Hello all,
Not that it matters much, and because I have time to burn on a Sunday, I figured I’d register and make clear the debate.
I’m the “friend,” so to speak.
The debate is based off of the following statement…
Like I’ve said before, new muscle dominates old muscle, period
Obviously, the statement is very broad. It covers mulitple criterion. One could compare simply the stock for stock ET’s and performance figures of new and old cars. One could rate based upon how easily it is to modify the given cars and get an end result. One could state that adding a chip to their XX newer car results in a given horsepower that might have been more difficult to obtain than in a classic muscle car. Another might cite fuel economy or interior comfort, noise, pollution… it’s endless.
I am appealing to the broadness of the statement in general. On the street, or at a grudge night at the strip, noone sets down and calculates the amount of money they have invested in their cars. Noone questions the age of the car. In reality, you show up, you stage up, and you go.
This being the case, to simply say “new muscle dominates old muscle” is untrue. If a guy in a 1970 Super Bee beats a guy in a 2001 Camaro, is the statement “New muscle dominates old muscle. Period” still true? Not to my way of thinking. At the end of the track, the guy who won, and the car he was in, dominated.
The argument at hand is that the statement made is simply false. It’s a given oppinion. The word “dominates” is relatively misleading. But this is coming from a performance board, with those interested typically being drag racers or street racers who add their drag or street racing stories. So, the implication, then, is street or drag racing. And… the statement was made following a street race story.
I honestly can’t think of how a person could realistically think that new dominates old in such a simple category. It simply does not.
If we were to engage in a stock for stock comparison… sure, possibly.
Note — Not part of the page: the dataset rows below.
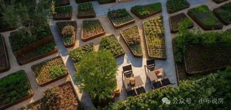 屋顶菜园:城市田园梦,人与自然的乌托邦(此处指配套用房屋顶)。一块小菜地,可以唤起人们对土地和自然的亲近感,也能让一家人在照料蔬果的时光里,创造美好、独特的共同回忆。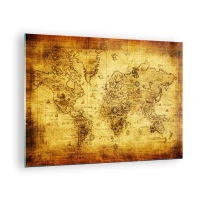 Glastavla - Bild på glas - Gammal vintage världskarta - 70x50cm - Världen är konstig - Modern väggdekoration för vardagsrum och sovrum ARTTOR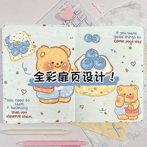 蓝莓黄油小熊笔记本a5皮质记事本学生日记本日记本黄油小熊硬壳本

But exceptions always exist, and the point made above…
those old cars ran those stock times on those skinny biply tires
is a point that I also made, not in the exact words.
To my way of thinking, neither “dominates.” It’s just the wrong word, frankly. New cars have thier advantages (new technology, etc), but old cars also have their advantages (basic mechanics, lots of cubic inches).
Just my input. I couldn’t vote either way, frankly. I have both and like both.